I began to build some ideas.

Personality is something we can’t help. It is the fact that we aren’t civil when woken in the morning, the way we may be more inclined to get angry/sad/happy than others and it is the way that (most importantly) we treat others. Our personality is deeply ingrained into us and, though it can be moulded through time and training, it cannot be changed. A persona is the entire person that you wish to portray. It is the face and the attitude that you put on and show the world everyday. Though this persona may be truthful of your personality (which may have occasional flaws) most often it is different or varies from your personality’s traits. Unlike personality which is constant, your persona varies from situation to situation and can be determined by surroundings. An example of this might be that someone who has a ‘shy’ trait in their personality, may give themselves a loud and outgoing persona to use amongst friends however they may refer back to a more discreet persona when with their family.

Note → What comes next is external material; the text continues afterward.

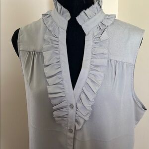 Elevate your wardrobe with this elegant gray sleeveless top. Featuring a stylish ruffled neckline, it's perfect for any occasion.

We often create, adapt and discard personas without even thinking about it. Personas also don’t tend to vary too vastly, which is handy because it allows us to function when two social situations combine, like dinner out with your friends and family. Though personas are a creation of the mind and not the DNA like personality is, I don’t believe it should be classed as an act that is ‘put on’ or fakery. It is these personas that allow humans to be so versatile and to function with others so well. If this was left up to personality alone we would probably find it very difficult to function with anyone who didn’t share exactly the same traits as ourselves. Personas have their flaws though, and it is proven that the anonymity of the internet can bring out the worst in people. This is caused when they gain a more powerful persona online without thinking, which raises real life issues like bullying and fraud.

But what am I? And how do I know if I am seeing personalities or personas in people around me? Well, I am a sixteen year old human being who has a personality of various traits with degrees of good and bad, and I probably have a handful of personas to subconsciously use in various situations. Do I need to know more? No. My personality and personas combine to form me. I am represented by the things I do and the people I make an impact on in the world. Whether it is a smile as I cross the street or a life long friendship I am making an impact, and so is everyone else. I am an output of my environment, personality, personas, circumstances, finances and a million other improbable factors that have near impossibly come together to form one me. This is identity. My disability doesn’t dictate who I am, nor do the personas or niggling tendencies in my brain’s anatomical structures. This is why you shouldn’t care about whether you see a persona or a personality in others also, because you will find out so much more about them through a healthy and growing friendship rather than a psychological analysis. Oh and if you want to make new friends, there is nothing that kills future conversations more than asking to do a psychological analysis of someone…

What personas do you have? Do you think you are a personality, a persona or a mix of the two?